The Housing Hysteria
This article is from the archive of The New York Sun before the launch of its new website in 2022. The Sun has neither altered nor updated such articles but will seek to correct any errors, mis-categorizations or other problems introduced during transfer.

Andrew Cuomo, last seen unsuccessfully running for governor of New York, resurfaced yesterday on the steps of City Hall in the company of some actual office holders to announce the formation of the “Coalition to Save America’s Affordable Housing.” The coalition’s purpose, as the speaker of the City Council, Gifford Miller, put it, is to thwart the Bush administration’s attempt “to try to throw families out onto the streets.”According to Mr. Cuomo, secretary of housing and urban development during the Clinton years, President Bush is determined “to reduce the amount of affordable housing in this country.” Rep. Charles Rangel warned Republicans planning on visiting the city for their party’s convention: “Don’t expect to come here to be having a party…at the expense of our housing.” Fully “110,000 people could be kicked out of their homes,” Senator Schumer added ominously, because the Bush administration is “trying to destroy Section 8.”
The Section 8 housing program is the country’s largest federal housing program, currently supporting 2.1 million households. Low-income families pay 30% of their income on housing rent and a Section 8 voucher makes up the difference. The government is spending about $16 billion on the program this year. Next year, spending will be even higher.
The White House isn’t trying to destroy the Section 8 program. In fact, the $16 billion the federal government is spending on the program this year is $4.5 billion more than was spent in the last year of the Clinton administration, when spending stood at $11.38 billion. Mr. Cuomo has some nerve criticizing the Bush administration, which is spending a lot more on Section 8 housing than Mr. Cuomo ever did. Even so, the Department of Housing and Urban Development has been under some pressure to control the spiraling costs. So on April 22, HUD announced a plan to fund the vouchers at the rental rates of August 2003, plus an increase pegged to inflation.
HUD’s new guidelines represent an attempt to stay within the program’s Congressional appropriation and to spread that money to as many tenants as possible. This isn’t a “cut” in the federal housing program; it’s a debate over how much more to spend.

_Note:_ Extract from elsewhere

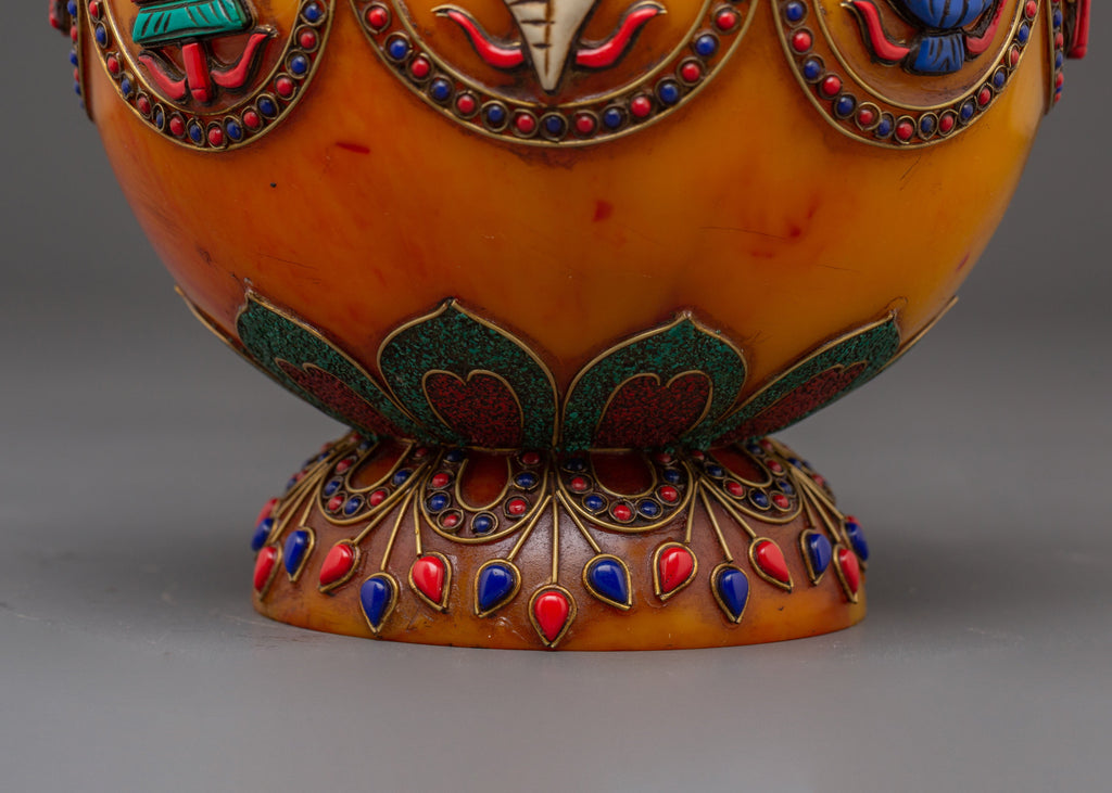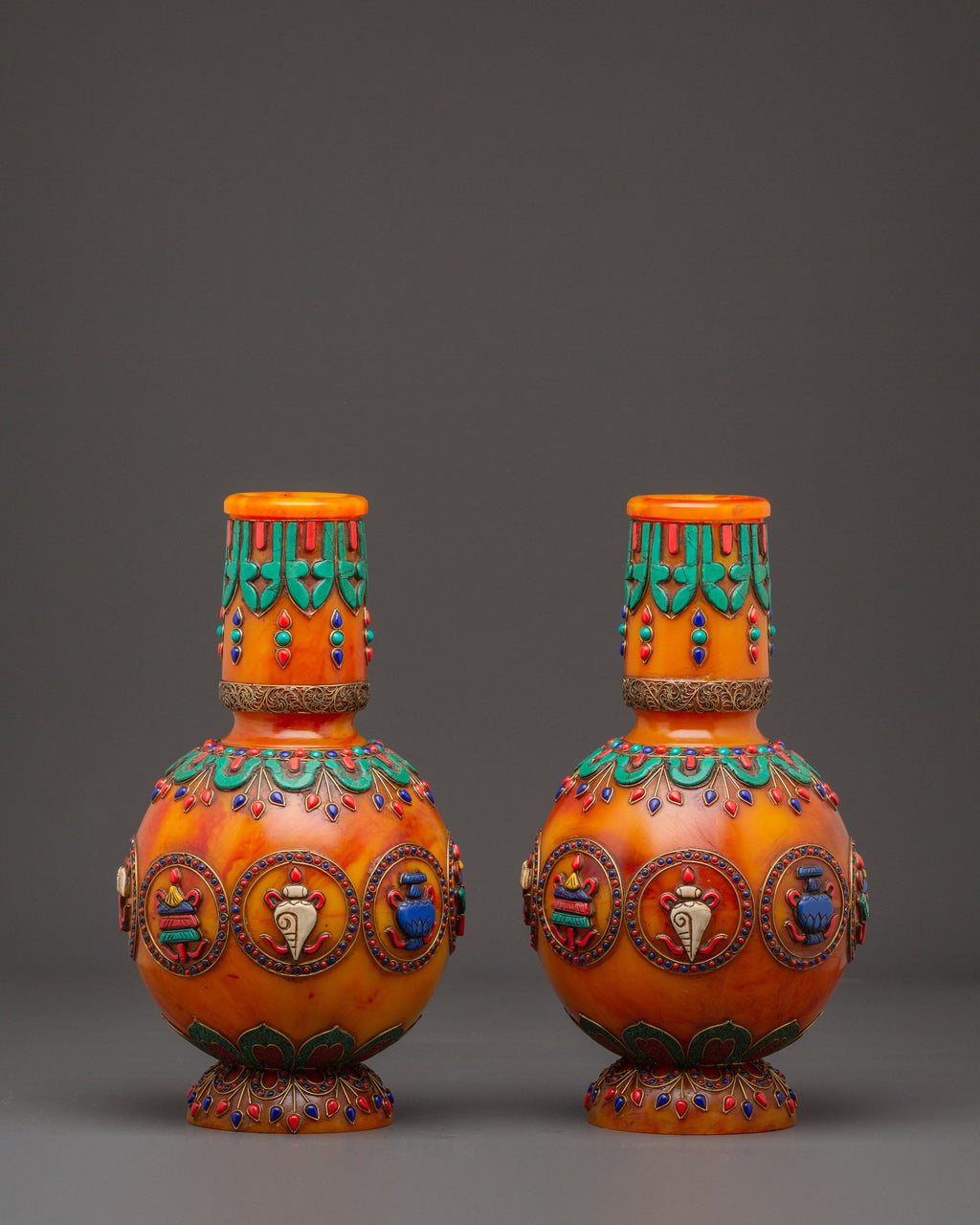 Each detail of this vase reflects the artistry of skilled Himalayan craftsmen. The circular emblems and motifs are inspired by auspicious Tibetan symbols, traditionally used to invoke peace, abundance, and well-being. The decorative stones are carefully inlaid, giving the vase texture and depth, while the resin structure ensures durability and a smooth, polished finish. Whether displayed as a single statement piece or paired as a set, this handcrafted vase embodies both cultural significance and refined elegance, perfect for spiritual interiors or eclectic decor collections.

The Section 8 program remains entirely intact.
The Democratic politicians protesting yesterday, however, expect growth without end. Mr. Cuomo went so far as to call HUD’s new guidelines a “contravention of the basic role of the department.” HUD, he said, is “supposed to be advocating and supporting affordable housing; it is not supposed to be a destroyer or an eliminator of affordable housing.” Yet, rather than Mr. Cuomo’s vision of welfare without end, we prefer the mission that the current housing secretary, Alphonso Jackson, described in congressional testimony last week: “A compassionate nation must ensure that those Americans served by HUD…live in a healthy and secure environment and have access to tools and opportunities that will help them move toward self-sufficiency.”
The Section 8 program, as Harvard scholar Howard Husock has noted, is “the last vestige of welfare without the reform.” Section 8 vouchers, unlike welfare, resemble an open-ended entitlement in that no time limit applies to them. To qualify for the program and to avoid paying more in rent, families need to keep their incomes low. The program discourages work and encourages dependency. Marrying a wage-earner makes little economic sense, too, under the Section 8 guidelines: As Mr. Husock writes on the City Journal Web site, “Overall, out of the 1 million or so non-elderly, non-disabled Section-8 households, single parents head 783,000.”
Somehow, the Section 8 program escaped the welfare-reform effort that aimed to end such perverse incentives and break the culture of dependency that they foster. The Bush administration has proposed a series of reforms to Section 8 for next year that aim at promoting self-sufficiency rather than dependence. But they would also help eliminate one of the country’s last old-style, big-government welfare programs. That’s really what the Coalition to Save America’s Affordable Housing is trying to prevent. Maybe a better name for the group would be the Coalition to Prevent Self-Sufficiency.